Run with: python -m validation.run_validation --medqa --max-cases 50 --seed 42 --delay 2

Metric	Value
Cases run	50
Pipeline success	94% (47/50)
Top-1 diagnostic accuracy	36%
Top-3 diagnostic accuracy	38%
Differential accuracy	10%
Mentioned in report	38%
Avg pipeline time	204 s per case
Total run time	~60 min

Breakdown by question type (50 cases):

Type	Count	Mentioned	Differential
Diagnostic	36	14 (39%)	5 (14%)
Treatment	6	—	—
Pathophysiology	6	—	—
Statistics	1	—	—
Anatomy	1	—	—

Notes: MedQA questions include many non-diagnostic question types (treatment selection, mechanism of action, etc.) which the CDS pipeline is not designed to answer. On diagnostic-only questions, the pipeline mentioned the correct diagnosis 39% of the time. Pipeline failures (3/50) were due to HF endpoint scale-to-zero mid-run.
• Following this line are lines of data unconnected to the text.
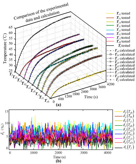 Figure 7a illustrates the comparison of temperature results obtained by the calculation method and test. The calculated curves are basically consistent with the test curves. Furthermore, in order to make quantitative analysis on the difference between tested and calculated, absolute relative error δe and average absolute relative error δavg are defined in Equation (19), where m is the total number of samples: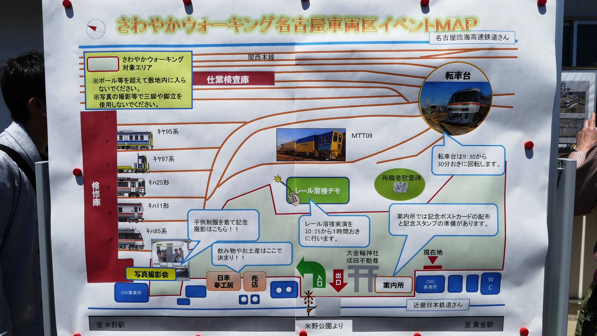 | コース5.2Kmの中盤あたりに、メイン企画の「名古屋車両区」公開がある。 | 検修庫から「顔出し」 | 名古屋車両区では、キハ85。キハ11、キハ25、キヤ97、キヤ95、キハ75を扱っている。 子供写真撮影会、鉄道神社(大金輪神社・成田不動尊)、 さわやかウォーキング「あゆむ君」と後ろのボード、マルタイMTT09。 |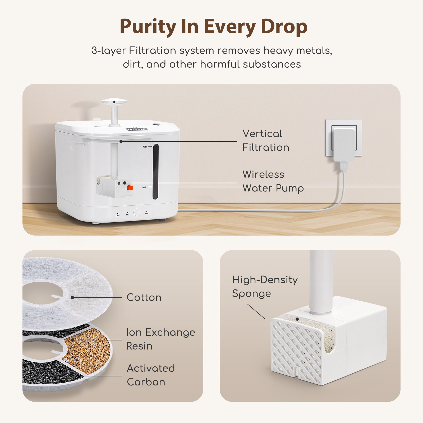 • 🔄 Agua circulante y purificada: estimula el deseo natural de beber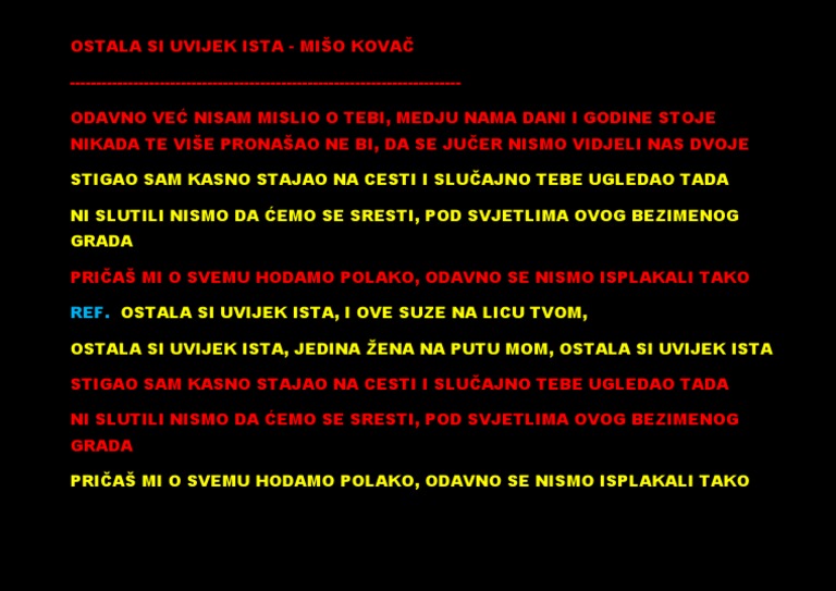 Ostala Si Uvijek Ista Lyrics Pdf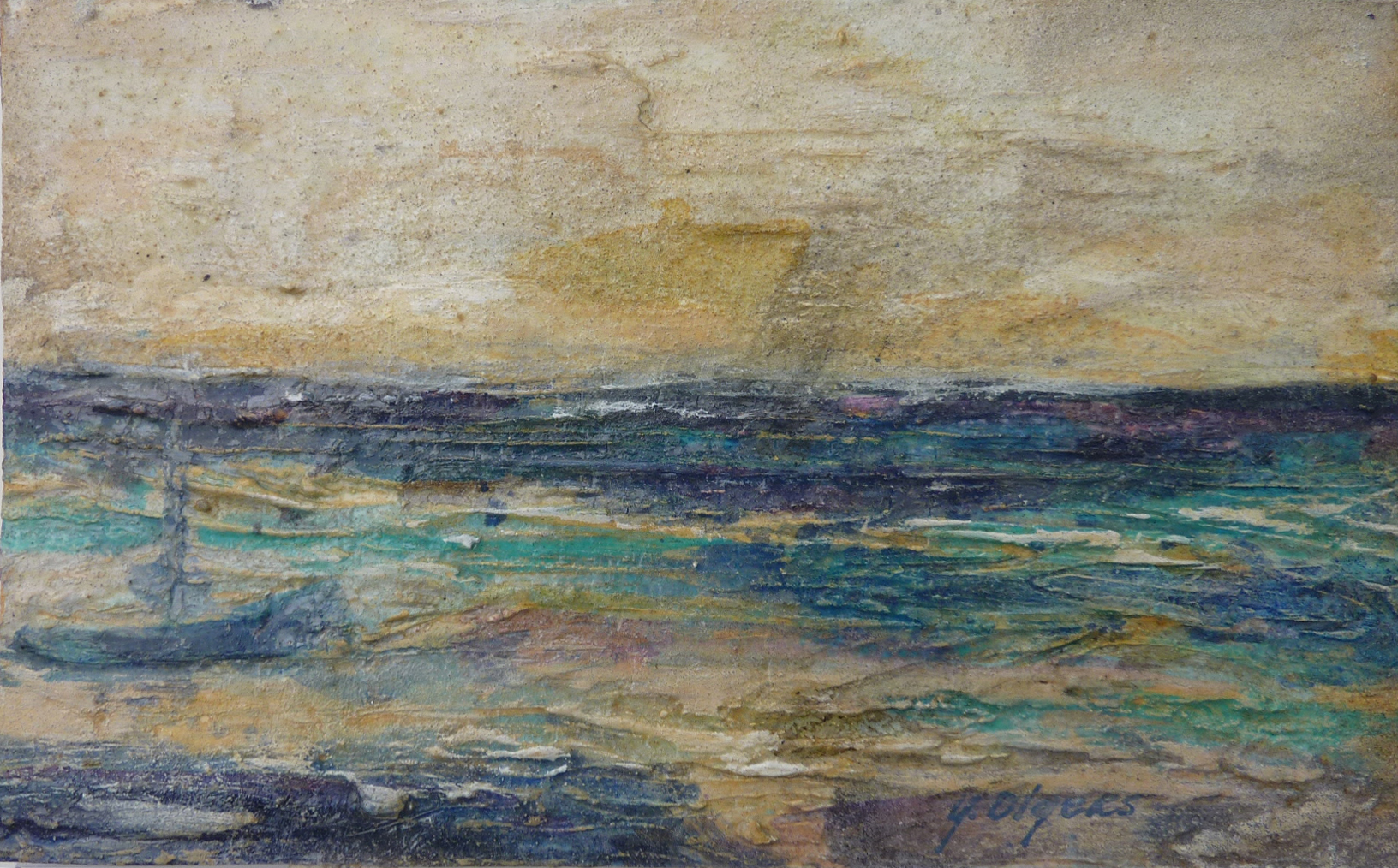 Zeegezicht op Ile de Ré. Zonder lijst op paneel. “Altijd al geboeid door de veelzijdigheid van de natuur en de mysterie van veel dingen om ons heen". "Je ziet in mijn werk vaak verschillende materialen en combinaties van technieken. Veel structuren, spatten verf, stukken papier, pigment poeders, transparante acryl, zelfgemaakte verf, kalk, lijm, etc. Ik probeer tijdens het schilderen een stuk innerlijke schoonheid te weer te geven, een gevoel, een gedachte, eigenlijk dat wat je niet ziet …”

Full validation was run on Feb 15, 2026 using the medgemma-27b-cds HuggingFace Dedicated Endpoint (1× A100 80 GB, bfloat16). Incremental checkpoints saved to validation/results/medqa_checkpoint.jsonl with --resume support.

How to Reproduce

cd src/backend

# Fetch datasets only (no pipeline runs)
python -m validation.run_validation --fetch-only

# Run MedQA validation (N cases)
python -m validation.run_validation --medqa --max-cases 10

# Run MTSamples validation
python -m validation.run_validation --mtsamples --max-cases 10

# Run PMC Case Reports validation
python -m validation.run_validation --pmc --max-cases 5

# Run all 3 datasets
python -m validation.run_validation --all --max-cases 10

# Additional flags:
#   --seed 42          Reproducible random sampling
#   --delay 2          Seconds between cases (rate limiting)
#   --no-drugs         Skip drug interaction step
#   --no-guidelines    Skip guideline retrieval step

Results are saved to validation/results/ as timestamped JSON files.